• Exercise details
Give a verbatim copy of the lines below, minus the pictures.

• Information shown
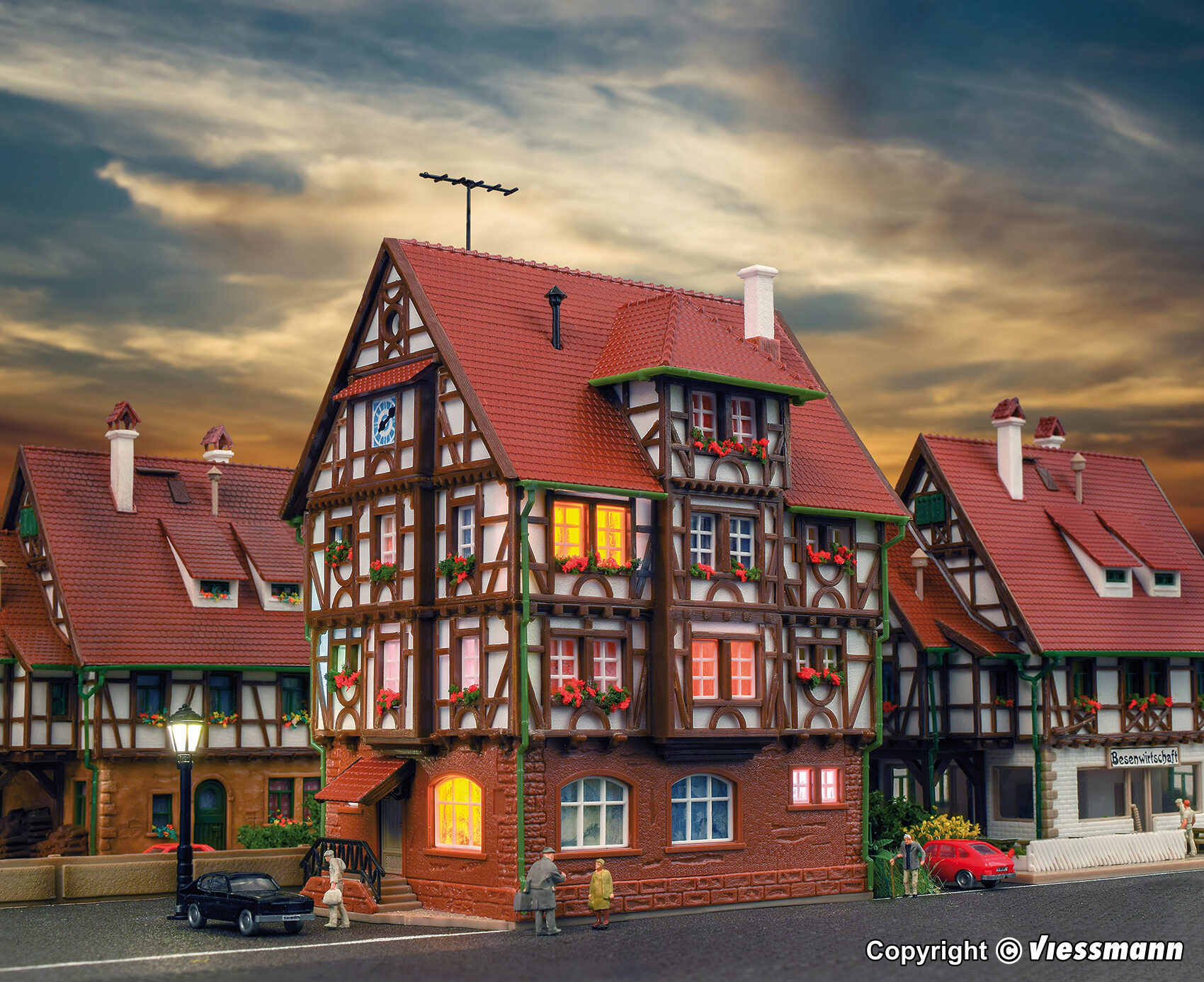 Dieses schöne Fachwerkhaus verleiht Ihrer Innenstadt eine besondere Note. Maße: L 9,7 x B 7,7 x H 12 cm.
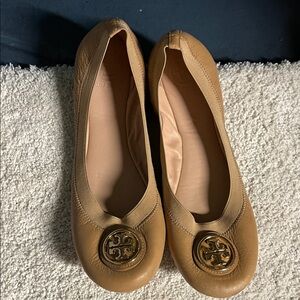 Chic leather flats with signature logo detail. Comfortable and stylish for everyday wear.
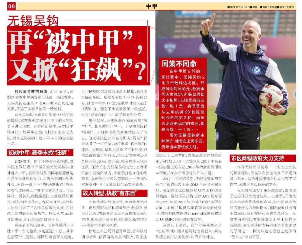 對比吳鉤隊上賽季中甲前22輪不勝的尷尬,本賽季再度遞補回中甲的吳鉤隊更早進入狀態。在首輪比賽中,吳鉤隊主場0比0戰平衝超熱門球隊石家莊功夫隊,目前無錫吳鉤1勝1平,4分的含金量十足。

• Output for this task
 Dieses schöne Fachwerkhaus verleiht Ihrer Innenstadt eine besondere Note. Maße: L 9,7 x B 7,7 x H 12 cm.
 Chic leather flats with signature logo detail. Comfortable and stylish for everyday wear.
 對比吳鉤隊上賽季中甲前22輪不勝的尷尬,本賽季再度遞補回中甲的吳鉤隊更早進入狀態。在首輪比賽中,吳鉤隊主場0比0戰平衝超熱門球隊石家莊功夫隊,目前無錫吳鉤1勝1平,4分的含金量十足。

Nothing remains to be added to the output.